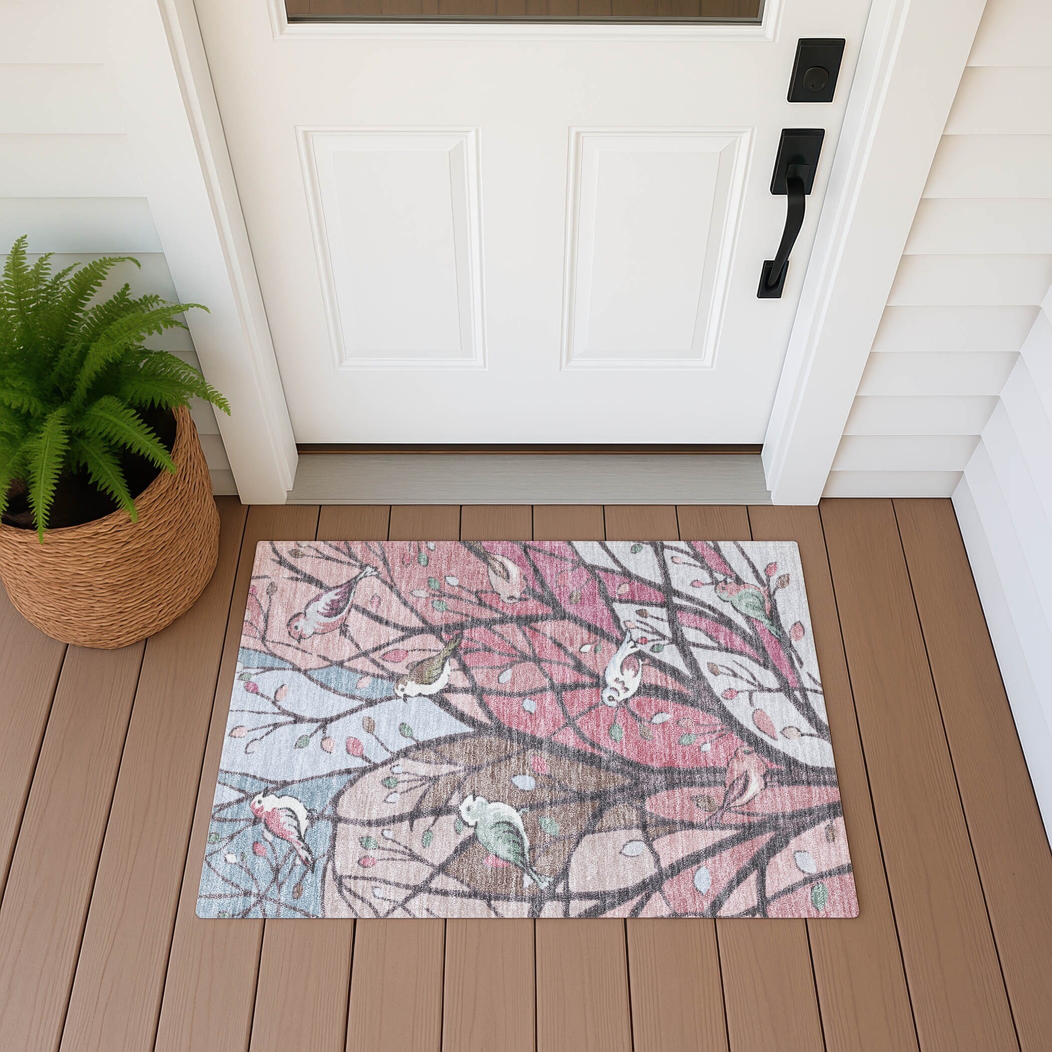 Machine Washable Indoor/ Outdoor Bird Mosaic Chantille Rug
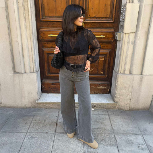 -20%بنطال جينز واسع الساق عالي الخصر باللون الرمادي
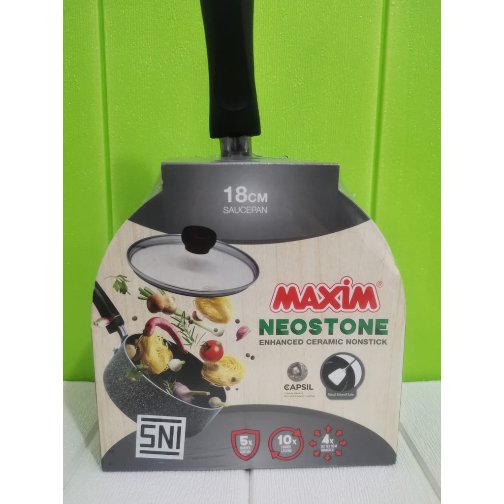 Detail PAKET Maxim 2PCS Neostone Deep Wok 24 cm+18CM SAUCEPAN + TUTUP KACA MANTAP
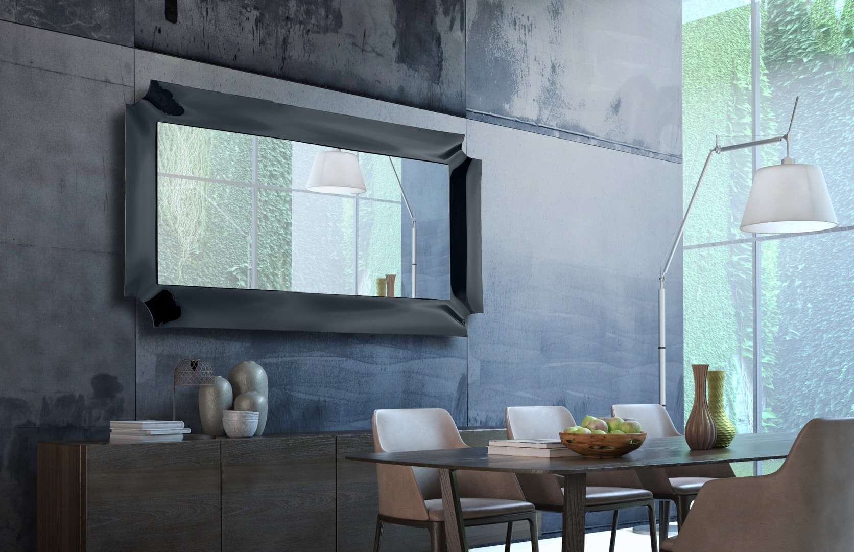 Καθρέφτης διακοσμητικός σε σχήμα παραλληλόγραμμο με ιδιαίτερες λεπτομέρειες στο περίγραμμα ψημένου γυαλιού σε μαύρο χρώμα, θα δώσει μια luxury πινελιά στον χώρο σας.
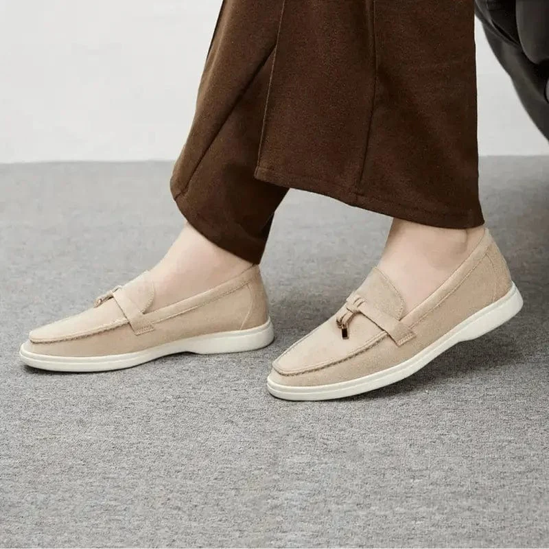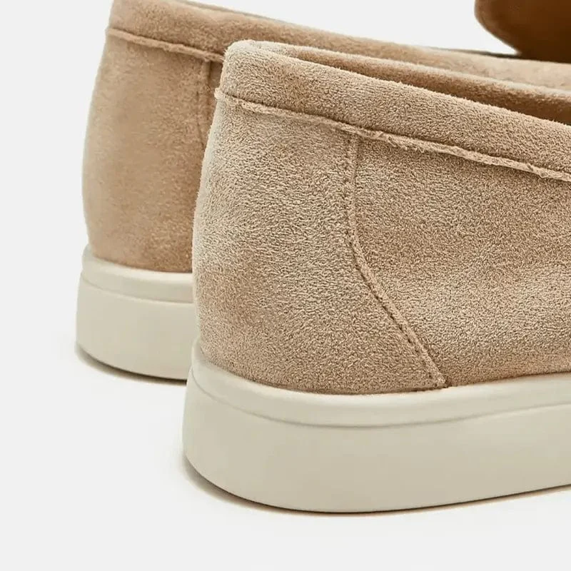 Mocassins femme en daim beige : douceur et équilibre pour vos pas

# # #

Task description: Give the listing again word for word, without its images.

Solution to the exercise:
 Machine Washable Indoor/ Outdoor Bird Mosaic Chantille Rug
 -20%بنطال جينز واسع الساق عالي الخصر باللون الرمادي
 Detail PAKET Maxim 2PCS Neostone Deep Wok 24 cm+18CM SAUCEPAN + TUTUP KACA MANTAP
 Καθρέφτης διακοσμητικός σε σχήμα παραλληλόγραμμο με ιδιαίτερες λεπτομέρειες στο περίγραμμα ψημένου γυαλιού σε μαύρο χρώμα, θα δώσει μια luxury πινελιά στον χώρο σας.
 Mocassins femme en daim beige : douceur et équilibre pour vos pas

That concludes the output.